→ **What to work on**: Repeat nothing but the lines below running from the one containing "Боевой молот огров" to the one containing "4 puertos USB". Keep both end lines.
───── Records provided
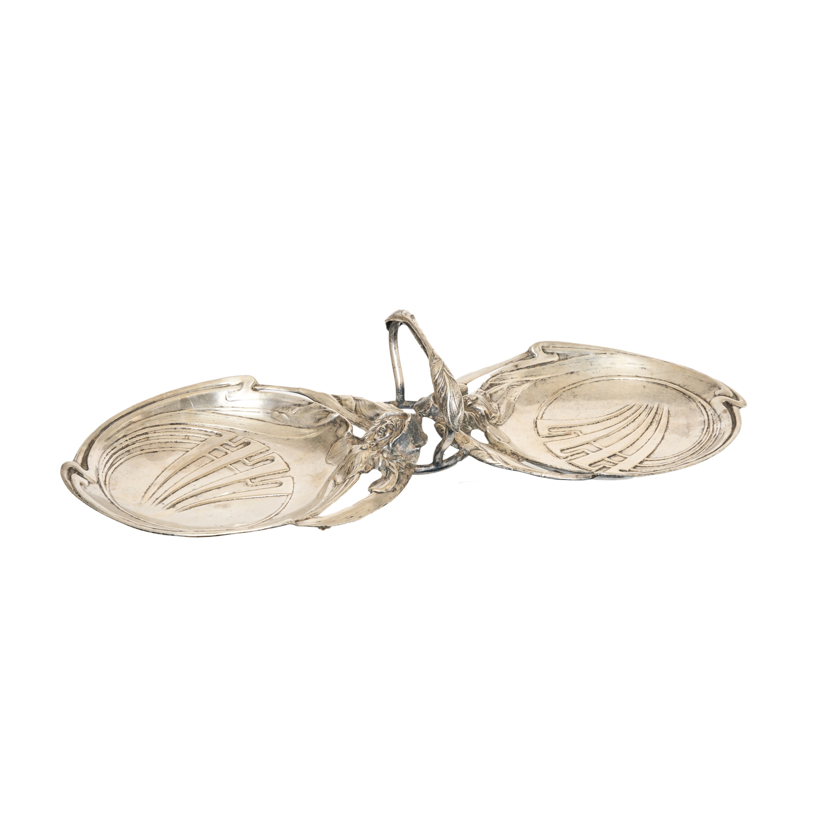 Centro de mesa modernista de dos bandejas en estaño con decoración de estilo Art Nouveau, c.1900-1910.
──────────
───── Records provided
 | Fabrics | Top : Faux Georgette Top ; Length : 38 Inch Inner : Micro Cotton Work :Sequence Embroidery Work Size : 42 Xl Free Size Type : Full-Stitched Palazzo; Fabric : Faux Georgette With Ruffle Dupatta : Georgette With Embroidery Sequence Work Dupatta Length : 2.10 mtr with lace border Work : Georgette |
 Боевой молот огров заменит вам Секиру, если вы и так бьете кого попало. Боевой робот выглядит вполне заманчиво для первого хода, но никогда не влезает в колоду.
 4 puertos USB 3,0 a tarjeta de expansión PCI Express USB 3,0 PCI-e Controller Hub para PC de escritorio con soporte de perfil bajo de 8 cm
──────────
→ **Reply**:
 Боевой молот огров заменит вам Секиру, если вы и так бьете кого попало. Боевой робот выглядит вполне заманчиво для первого хода, но никогда не влезает в колоду.
 4 puertos USB 3,0 a tarjeta de expansión PCI Express USB 3,0 PCI-e Controller Hub para PC de escritorio con soporte de perfil bajo de 8 cm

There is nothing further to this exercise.